**Records supplied:**

* * *

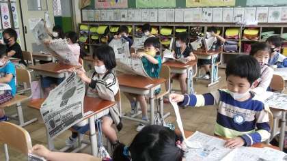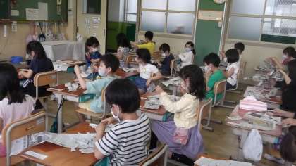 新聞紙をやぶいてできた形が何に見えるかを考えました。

* * *

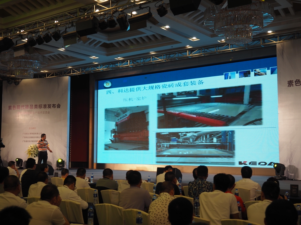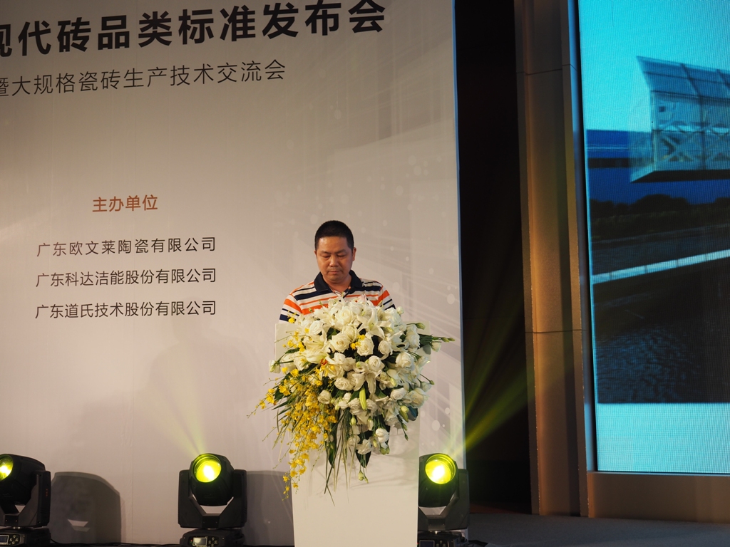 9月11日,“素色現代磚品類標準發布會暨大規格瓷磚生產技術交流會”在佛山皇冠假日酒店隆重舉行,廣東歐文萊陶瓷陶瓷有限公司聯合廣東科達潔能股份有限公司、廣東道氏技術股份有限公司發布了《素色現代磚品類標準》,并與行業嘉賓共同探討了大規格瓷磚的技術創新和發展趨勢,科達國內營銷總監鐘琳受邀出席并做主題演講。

* * *

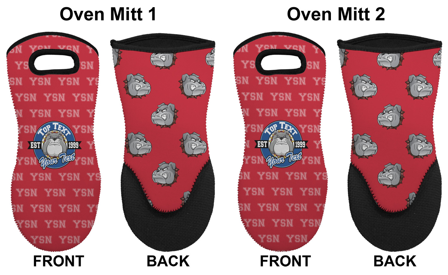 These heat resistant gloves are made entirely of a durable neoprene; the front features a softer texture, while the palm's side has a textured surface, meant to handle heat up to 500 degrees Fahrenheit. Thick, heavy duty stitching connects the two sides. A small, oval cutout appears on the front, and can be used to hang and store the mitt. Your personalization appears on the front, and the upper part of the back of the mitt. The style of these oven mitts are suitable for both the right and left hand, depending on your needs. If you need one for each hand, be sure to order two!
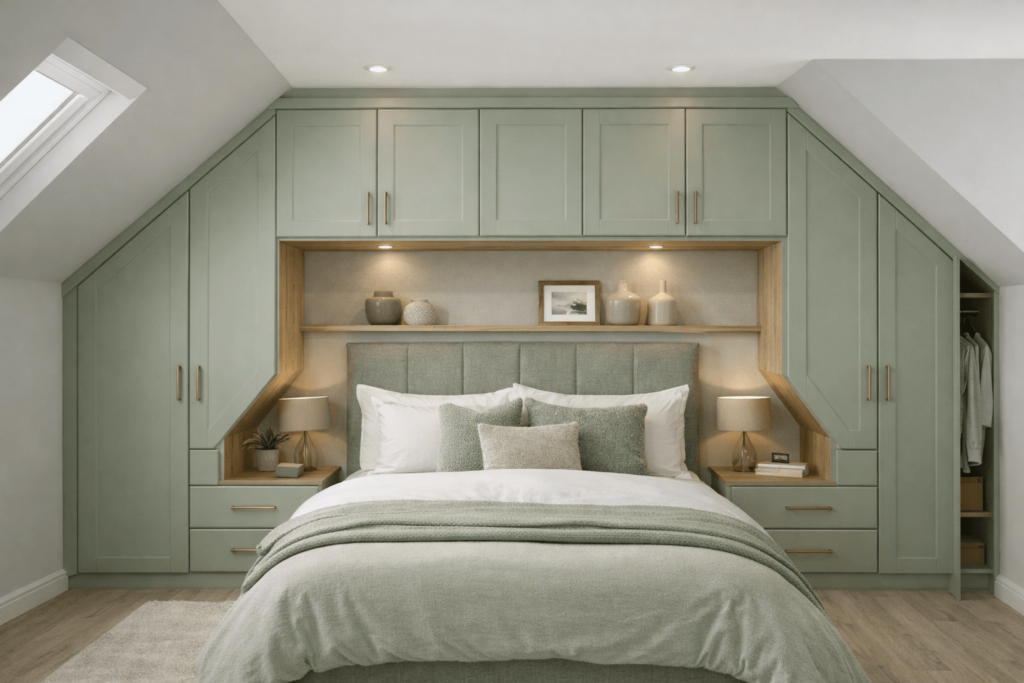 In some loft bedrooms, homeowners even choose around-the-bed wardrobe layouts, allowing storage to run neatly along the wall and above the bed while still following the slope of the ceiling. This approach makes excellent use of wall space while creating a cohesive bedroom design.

* * *

**Task goal:** Look above for the line with "These heat resistant" and the line with "In some loft"; set down those two lines and all lines between them exactly, without pictures and without anything else.

**Answer:**
 These heat resistant gloves are made entirely of a durable neoprene; the front features a softer texture, while the palm's side has a textured surface, meant to handle heat up to 500 degrees Fahrenheit. Thick, heavy duty stitching connects the two sides. A small, oval cutout appears on the front, and can be used to hang and store the mitt. Your personalization appears on the front, and the upper part of the back of the mitt. The style of these oven mitts are suitable for both the right and left hand, depending on your needs. If you need one for each hand, be sure to order two!
 In some loft bedrooms, homeowners even choose around-the-bed wardrobe layouts, allowing storage to run neatly along the wall and above the bed while still following the slope of the ceiling. This approach makes excellent use of wall space while creating a cohesive bedroom design.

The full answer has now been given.